Granted, later in the speech Lindbergh said he "admired" the Jewish race, and decried the treatment of Jews in the Third Reich, yet he was simultaneously pumping anti-Semitic rhetoric into the national discourse during sensitive time. In the end, he flew more than 50 combat missions against Japan during World War II. Unfortunately, his odd non-interventionist, anti-Semitic crusade forever damaged his reputation as a national hero.

Lee Harvey Oswald: the time he tried (and failed) to assassinate somebody

Everyone knows the time Lee Harvey Oswald successfully assassinated a prominent public figure, but what most probably don't know, however, is the time earlier in 1963, when he tried to murder somebody else, and failed.

On April 10, 1963, Oswald shot a bullet into the Dallas home of Major General Edwin A. Walker. At the height of his thirty-year military career, General Walker commanded about 10,000 troops in Germany. He got into trouble with President Kennedy in 1961 after Walker, a fervent anti-communist, was found to have been dispensing right-wing propaganda to his troops. This rebuke led to Walker's resignation, but didn't end his right-wing crusades. He continued to be a thorn in the paw of the Kennedy administration. Most notably, in 1962, Walker was arrested for inciting violence during protests against racial integration at the University of Mississippi.

Oswald targeted him because Walker's notions were antithetical to his Marxist beliefs. Oswald, a trained marksman, shouldn't have missed the shot, but the windowpanes of Walker's study deflected the bullet and caused the projective to barely miss Walker, as the disgraced general sat at his desk. Nevertheless, Oswald had thought he killed Walker and admitted it to his wife, Marina. She later disclosed the entire incident to the FBI following President Kennedy's assassination, a fact that doesn't really help the cause of anybody who thinks Oswald was a patsy who couldn't possibly have taken down a President by himself.

Henry Ford: anti-Semite

Henry Ford is known for popularizing the automobile in the United States through the assembly line production methods he used at his Ford Motor Company. There is little doubt that Ford greatly contributed to America's prosperity, but there is also a dark side to his history: Ford held strong anti-Semitic views.

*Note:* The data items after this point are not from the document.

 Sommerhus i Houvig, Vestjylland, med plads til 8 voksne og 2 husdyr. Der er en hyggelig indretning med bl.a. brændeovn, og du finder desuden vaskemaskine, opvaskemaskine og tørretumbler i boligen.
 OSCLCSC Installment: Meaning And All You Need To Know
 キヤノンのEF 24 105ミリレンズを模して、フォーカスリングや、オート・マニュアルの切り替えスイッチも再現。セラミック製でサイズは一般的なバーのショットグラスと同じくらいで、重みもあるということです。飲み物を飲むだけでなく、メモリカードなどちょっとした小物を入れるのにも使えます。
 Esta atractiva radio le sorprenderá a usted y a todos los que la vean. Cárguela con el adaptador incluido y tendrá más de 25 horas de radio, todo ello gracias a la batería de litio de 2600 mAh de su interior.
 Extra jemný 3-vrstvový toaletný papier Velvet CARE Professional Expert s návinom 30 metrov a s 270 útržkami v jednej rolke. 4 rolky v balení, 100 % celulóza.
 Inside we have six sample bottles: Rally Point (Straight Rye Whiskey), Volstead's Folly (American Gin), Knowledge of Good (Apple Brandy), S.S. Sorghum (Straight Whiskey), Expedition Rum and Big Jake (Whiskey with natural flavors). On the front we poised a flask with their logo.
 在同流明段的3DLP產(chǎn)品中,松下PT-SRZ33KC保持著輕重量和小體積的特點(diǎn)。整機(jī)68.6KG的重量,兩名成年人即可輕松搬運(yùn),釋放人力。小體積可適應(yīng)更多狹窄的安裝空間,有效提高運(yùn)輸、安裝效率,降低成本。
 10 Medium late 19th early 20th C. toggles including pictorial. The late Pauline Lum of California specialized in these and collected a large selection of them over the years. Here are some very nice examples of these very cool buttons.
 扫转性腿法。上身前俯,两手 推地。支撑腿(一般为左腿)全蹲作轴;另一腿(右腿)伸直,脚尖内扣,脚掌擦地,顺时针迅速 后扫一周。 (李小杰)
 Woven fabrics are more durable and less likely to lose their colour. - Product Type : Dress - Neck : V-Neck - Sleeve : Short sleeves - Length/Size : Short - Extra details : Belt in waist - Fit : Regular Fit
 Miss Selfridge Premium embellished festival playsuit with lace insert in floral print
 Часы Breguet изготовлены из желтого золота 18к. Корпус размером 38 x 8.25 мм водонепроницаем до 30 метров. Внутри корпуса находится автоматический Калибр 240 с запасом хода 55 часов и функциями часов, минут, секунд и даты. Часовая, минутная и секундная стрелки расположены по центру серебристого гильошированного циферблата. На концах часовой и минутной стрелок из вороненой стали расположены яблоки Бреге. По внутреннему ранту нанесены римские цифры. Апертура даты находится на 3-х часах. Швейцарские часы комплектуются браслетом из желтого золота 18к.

Most prominently, in 1918, Ford began publishing articles in his newspaper The Dearborn Independent, that claimed a Jewish conspiracy was afoot in the United States. According to one friend, Ford even perplexingly blamed World War I on Jews. Ford also published articles based on the Protocols of the Elders of Zion — a notorious Russian bit fake news still circulating today — that claims Jews are trying to rule the world. Henry Ford may have been a great industrialist, but there is little doubt that his anti-Semitic rhetoric contributed to, and likely exacerbated, existing prejudices around the world.

Walt Disney: no Communists in Disneyland

While making beloved animated classics like Pinocchio, Dumbo, and Bambi in the 1940s, Walt Disney also found time to fight what he perceived was a growing communist threat to the United States. Walt Disney, quite simply, detested communism. We're talking Snow White vs. Evil Queen levels of dislike.

In 1947, Disney testified to the House Un-American Activities Committee, which was investigating communist infiltrators in the American film industry. Although dozens of Hollywood celebrities came out against the Committee, Disney was an eager supporter of its investigation. He thought that key communist agitators in the motion picture industry were behind a strike by his animators. As if his testimony wasn't enough, Disney helped form the anti-communist group, the Motion Picture Alliance for the Preservation of American Ideals (MPA).

Walt Disney certainly deserves praise for proving the commercial viability of feature-length animated movies, but his fervent anti-communist stance only contributed to unwarranted hysteria about communism that would become the hallmark of McCarthyism.